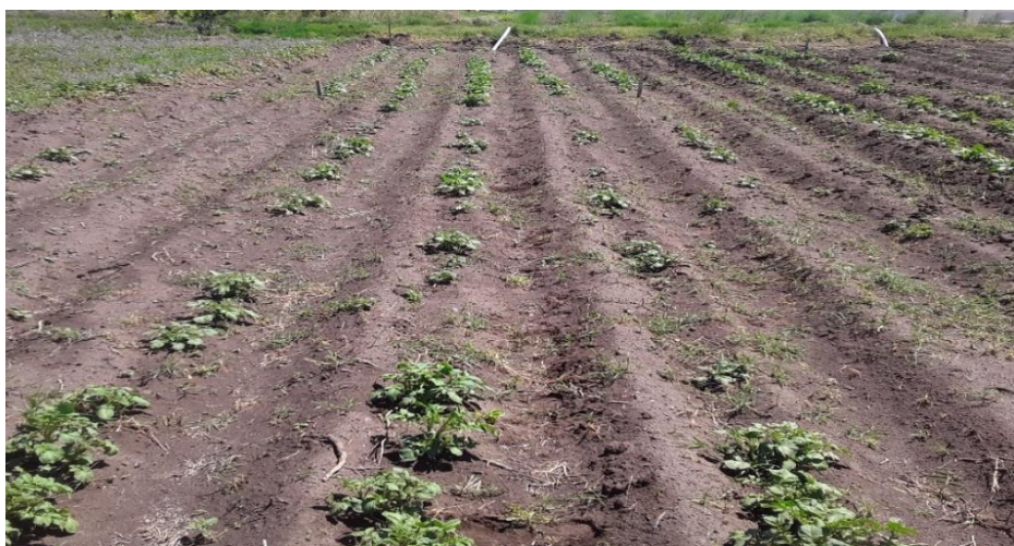
Figura 5: cultivo de papa en fase de emergencia, donde se observa la falta de plántulas de la variedad 7 Four 7 en el centro (Foto Paolo Sánchez, noviembre 2022. INTA H. Ascasubi).

Con respecto a las parcelas de evaluación, cada tratamiento se distribuyó en 5 surcos de 10 m por cada variedad con 3 repeticiones y la superficie total del ensayo fue de 600m 2 (20m x 30m). La fecha de emergencia fue a partir de principios de noviembre, y se observó la cantidad de plantas emergidas. La variedad 7 Four 7 tuvo fallas de emergencia en un 35% aproximadamente, mientras que el resto de las variedades no tuvo inconvenientes (figura 5).
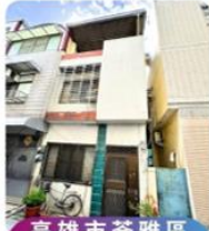
高雄市苓雅區 正明段
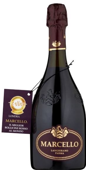
MARCELLO Spumante rosso dry cl 75
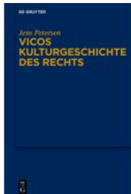
Vicos Kulturgeschichte des Rechts Ladenpreis: 79,95EUR
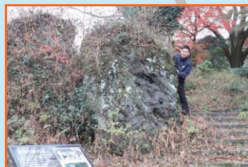
① 曾我の隠れ岩 曾我兄弟が身を潜め父を殺した工藤祐経の討ち入りを相談したといわれる
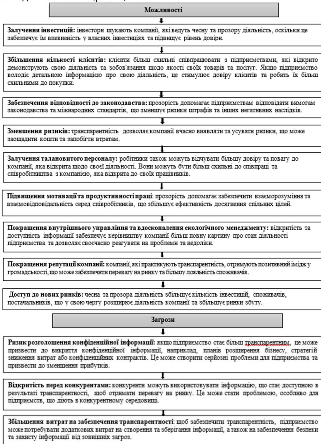
Рис. 4. Можливості та загрози транспарентної діяльності підприємства

своєчасно реагувати на проблеми та недоліки; компанії, які практикують транспарентність, отримують позитивний імідж у громадськості та ін. (рис. 4).
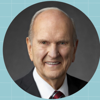
Par Russell M. Nelson
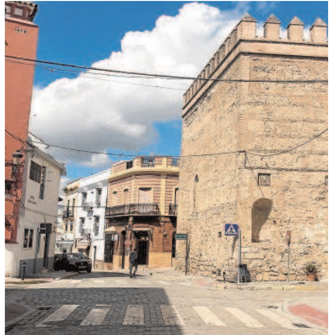
Una calle de Marchena durante el primer confinamiento

Sevilla (1.062 y 92). Además, hay otros cuatro pueblos que superan el millar de casos pero se salvan de esta medida al tener una población inferior a los cinco mil habitantes, como Cañada Rosal (con una tasa de 1.233 y 41 casos activos), Alanís de la Sierra (1.055 y 18), La Puebla de los Infantes (1.006 y 30) y Villanueva del Río y Minas, con una
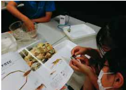
イテゴ川生物同定調査
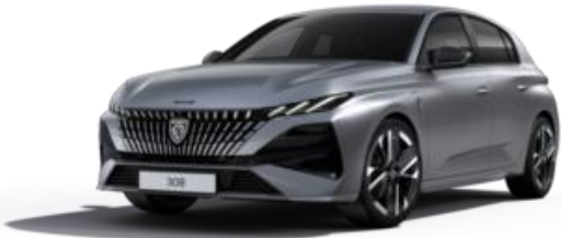
Gris Artense M0F4 - Option
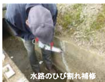
水路のひび割れ補修
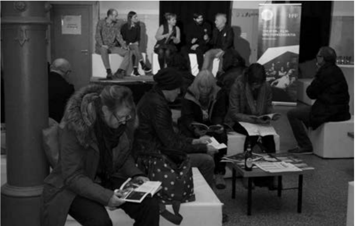
Auch die andere Podiumsdiskussion am Tag vorher über die Frage, ob Kulturkritik benötigt werde, mit Vertretern der Münchner Filmhochschule, den Machern der Festivalzeitschrift „Cult“, erfreute sich ungeteilter Aufmerksamkeit.

Text und alle Fotos: Wolf-Dietrich Weissbach
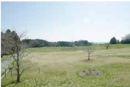
東門から 南側への眺望
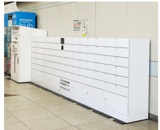
京阪電鉄枚方市駅構内
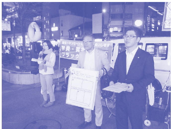
LDA-KYOTOと共に宣伝する党議員

LDA-KYOTO（生きやすい京都をつくる全世代行動）の皆さんと一緒にブラック企業・ブラックバイトの実態調査を実施、市に対策を求めました。市長も「ブラックバイト・ブラック企業根絶」を表明。京都府・京都市・労働局の三者でブラックバイト対策協議会を発足させ、実態調査、相談窓口設置、大学のオリエンテーションの資料に働くルールを入れることなどが実現。またLDA-KYOTOの皆さんと給付制奨学金の実現を求める運動と論戦にとりくんできました。議会でも「給付制奨学金の創設を求める」意見書が全会一致で採択されました。
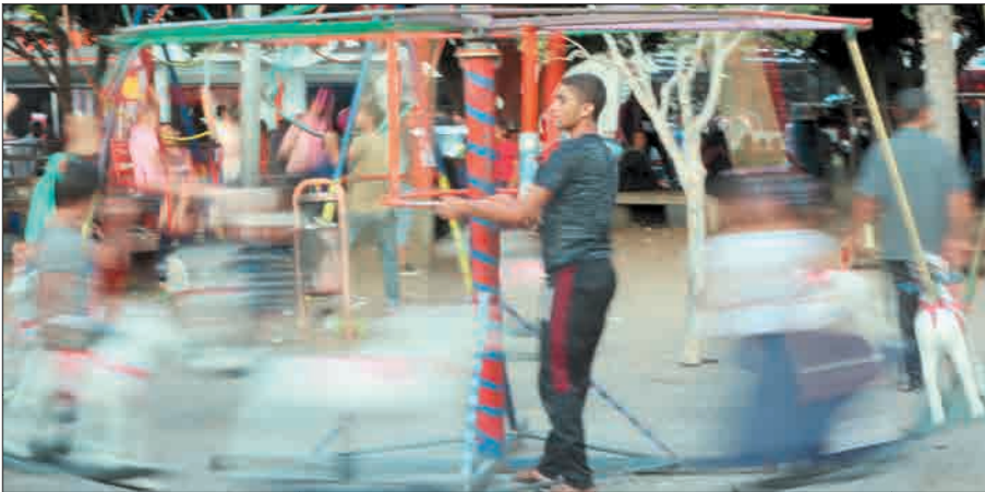
شاب يقود أرجوحة للأطفال خلال العيد وسط غزة

━━━━━━━━━━━━━━━━━━━━

DIRECTIONS
Beginning with the line that holds "Text und alle Fotos: Wolf-Dietrich Weissbach" and continuing to the end of the entries above, set down each line exactly, both ends included; include no pictures.

REPLY TO THE TASK
Text und alle Fotos: Wolf-Dietrich Weissbach
東門から 南側への眺望
京阪電鉄枚方市駅構内
LDA-KYOTOと共に宣伝する党議員

LDA-KYOTO（生きやすい京都をつくる全世代行動）の皆さんと一緒にブラック企業・ブラックバイトの実態調査を実施、市に対策を求めました。市長も「ブラックバイト・ブラック企業根絶」を表明。京都府・京都市・労働局の三者でブラックバイト対策協議会を発足させ、実態調査、相談窓口設置、大学のオリエンテーションの資料に働くルールを入れることなどが実現。またLDA-KYOTOの皆さんと給付制奨学金の実現を求める運動と論戦にとりくんできました。議会でも「給付制奨学金の創設を求める」意見書が全会一致で採択されました。
شاب يقود أرجوحة للأطفال خلال العيد وسط غزة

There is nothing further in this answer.